Levi Fragell (born 30 March 1939) is a Norwegian humanist. He has been chairman and secretary of the Norwegian Humanist Association, and was President of the International Humanist and Ethical Union (IHEU) between 1987–1990 (as one member of a troika) and, in his own right, between 1998–2003.

== Biography ==

His father was a Pentecostal preacher and in his teens Fragell also began working full-time as a preacher, before his studies in philosophy and comparative religion led him to leave the church. He took a University degree in the sociology of religion and then worked for a year as a school teacher in northern Norway, before becoming a journalist, and later working in marketing. He also became press secretary to several cabinet ministers in Norway.

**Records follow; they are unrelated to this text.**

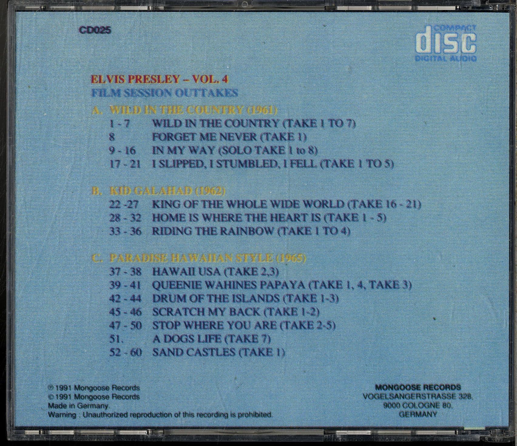 Elvis Presley - Film Session Outtakes Vol. 4 - Mongoose CD
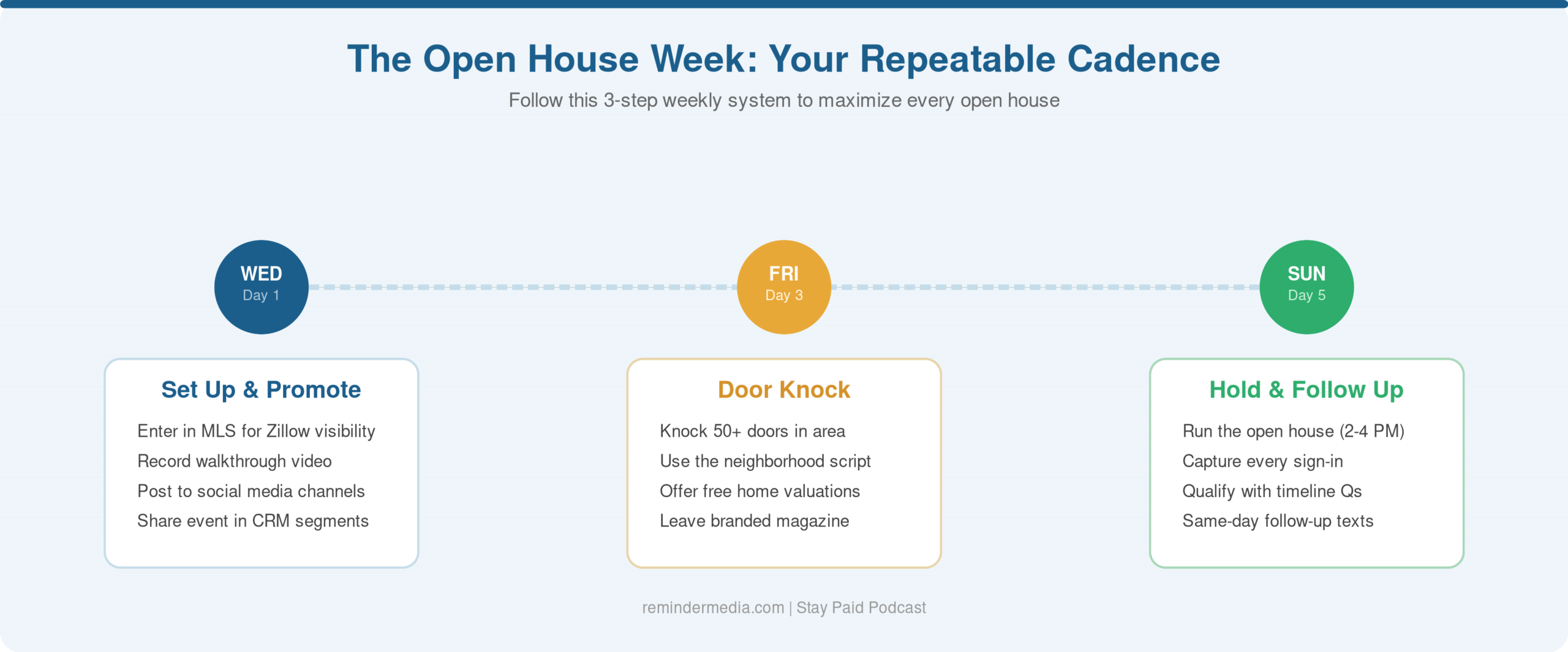Ready to build your open house system? Download the free ReminderMedia Open House Kit at remindermedia.com/openhouse — including sign-in sheets, Canva templates for signage, and the Acree Brothers’ open house SOP.
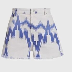New condition. New condition New condition. Denim shorts dyed with a geometric print fabricated of stretch denim.
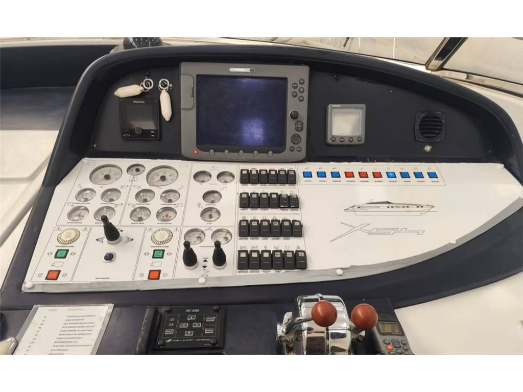 Angolo barra, Antenna radar, Bussola, GPS Raymarine E120, Raymarine tridata, Radar, Radio VHF, Pilota automatico, Elica di prua, Flaps, comando salpa ancora elettrico, faro orientabile, Tromba, indicatori analogici: carburante, acqua, giri motori,
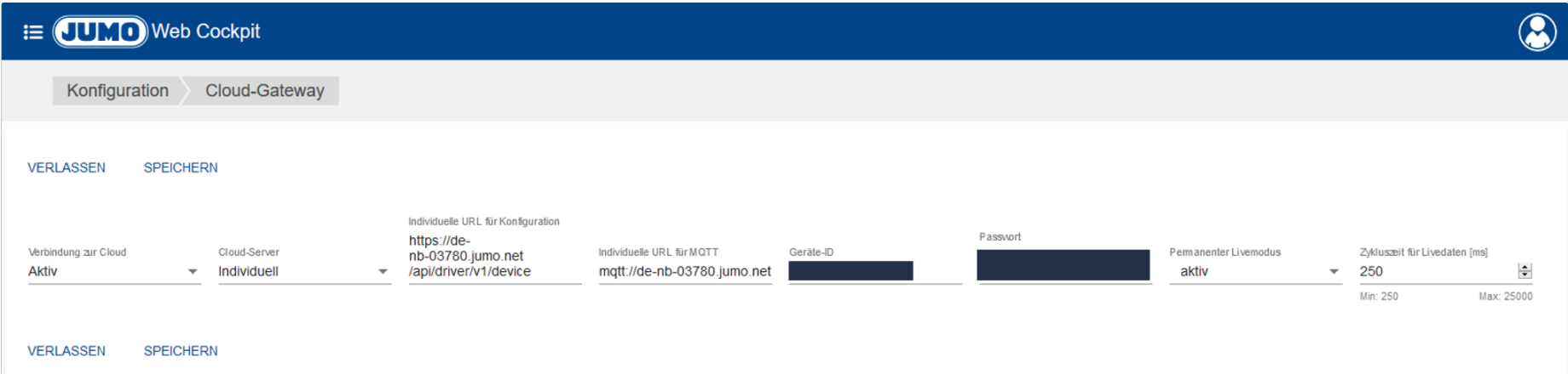Im “JUMO Web Cockpit” des variTRON Gerätes unter Konfiguration und Cloud Gateway die Geräte-ID und Passwort aus der JUMO smartWARE SCADA eintragen

In 1976, he became leader of the Norwegian Humanist Association (Human-Etisk Forbund) at a time when it had 1500 members; its membership later grew to over 75,000 making it, as a proportion of national population, the largest such organisation in the world. He joined the board of the IHEU in the 1980s, becoming its co-president in 1987 and sole president between 1998 and 2003. In 2003, he was one of the signers of the Humanist Manifesto. He later became Chair of the IHEU's Committee on Growth and Development, and has travelled widely to promote humanism, oppose racism and religious intolerance. In 2008, he was awarded a Lifetime Achievement Award by the IHEU. Periyar Maniammai University, Thanjavur of the south Indian state of Tamil Nadu, conferred the Doctor of Letters (Honoris causa) on Fragell, he delivered the 21st Convocation Address on 4 July 2014 of the University.